If you use a high risk : reward ratio like 3:1, you significantly improve your chances of becoming profitable in the long run.

The Risk to Reward Chart below shows to you how:

Money Management Risk:Reward Chart - Money Management Methods Risk:Reward Ratio PDF

Money Management Risk:Reward Chart - Money Management Methods Risk : Reward Ratio Explained

In the first examples of Risk-:-Reward Ratio, you as a forex trader can see that even if your system only won 50% of your trade positions, you'd still earn profit of $10,000. Read more on this money management topic: Here Capital Management Guidelines and Equity Management Guidelines Discussed.

Before opening a new trade, a fx trader should define the point at which they will close-out the trade transaction if the trade transaction turns to be a losing trade. Some traders use Fib retracement levels tool and support and resistance levels. Other traders just use a pre-determined stop loss order to set stoploss orders once they have opened a trade transaction.

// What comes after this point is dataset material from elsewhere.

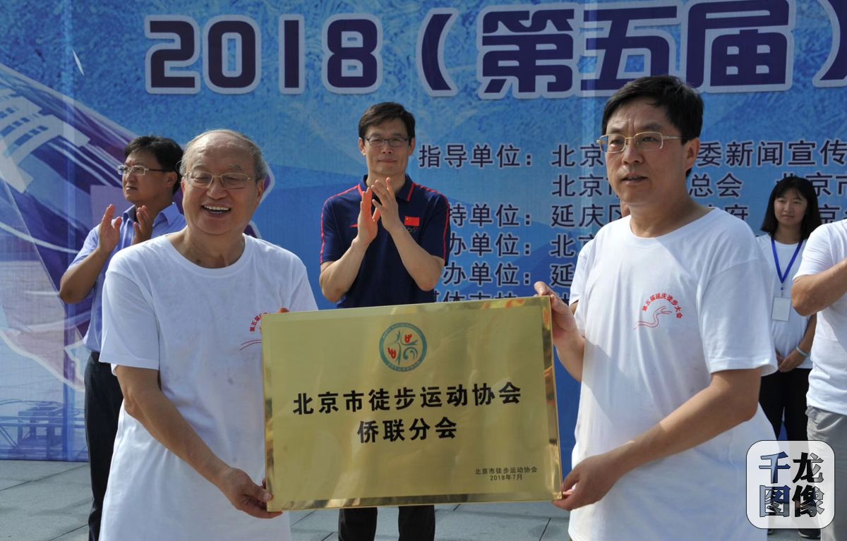 7月31日,“走向2022 为冬奥加油”2018(第五届)延庆徒步大会在延庆妫川广场举行。参加活动2022名徒步爱好者共同为北京筹办2022年冬奥会加油助威。图为北京市徒步运动协会侨联分会正式成立。千龙网发 主办方供图
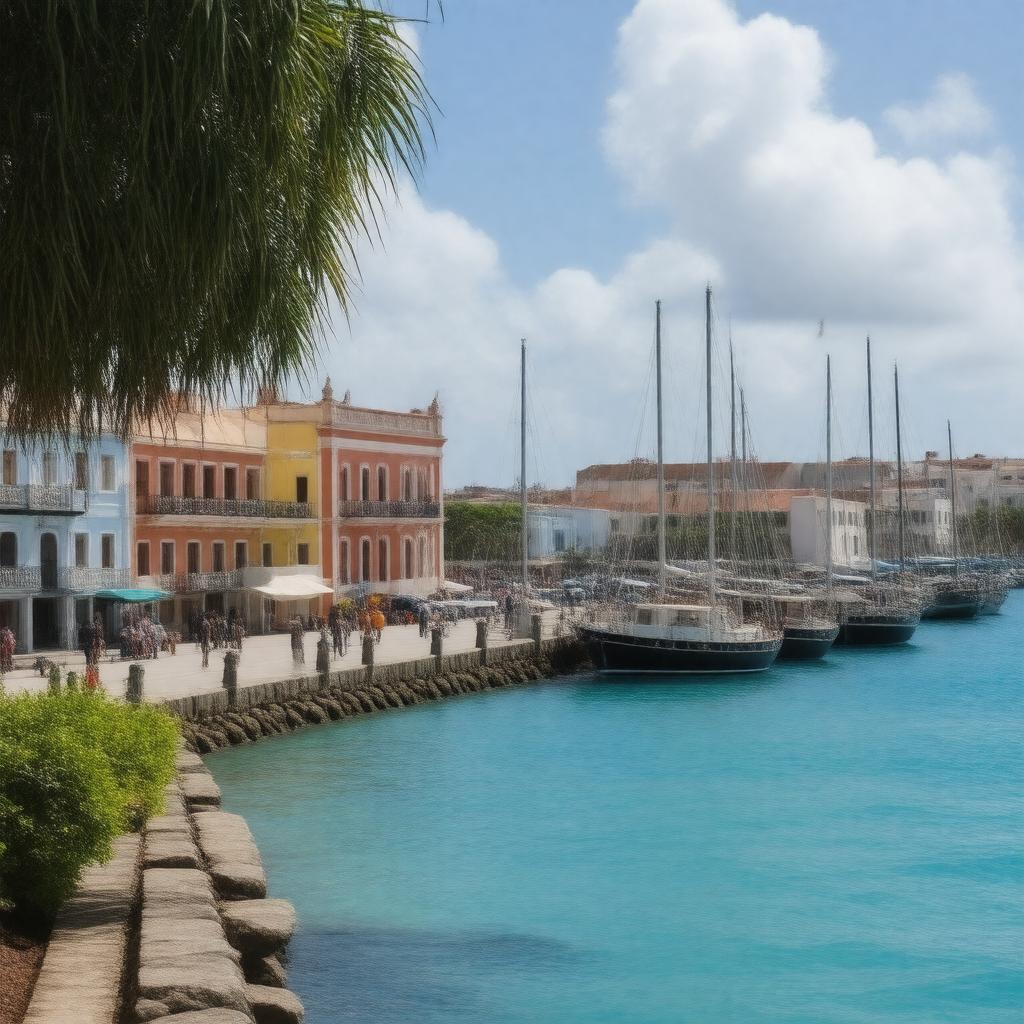 "Generate a realistic image of Oranjestad, the capital city of Aruba, showcasing its colorful colonial architecture, bustling port, and vibrant atmosphere, with a backdrop of clear blue Caribbean waters and a bright sunny sky, in a style reminiscent of a warm and inviting travel brochure."

6. Write down the systems trading rules and follow them

A Trade Strategy refers to a set of rules which you follow to manage your trades.

The keyword is A SET OF TRADE RULES that you as a trader must follow. If you don't follow the rules then you do not even have a strategy in the first place.

The next systems lesson portrays to you an example of how to utilize the above steps to create your own online trading system:

Next Guide Lesson: Example illustration of Writing Trading Systems Rules

7. Practice on a Demo Practice Trading Account

Without enough trades, you'll not be able to realize the true profitability of your trading system.

Once you have your Forex system rules written, it's time to test & improve your trade system by using it on a practice trade account.

Open free practice demo account and trade your trading strategy to see how well it will respond.

It is strongly recommended to start with a practice account & practice for at least for one or two months so as to garner some practice and experience on how the market works.

Once you start earning some decent profit in your demo account you then can try opening a live account & start trading with real/live money.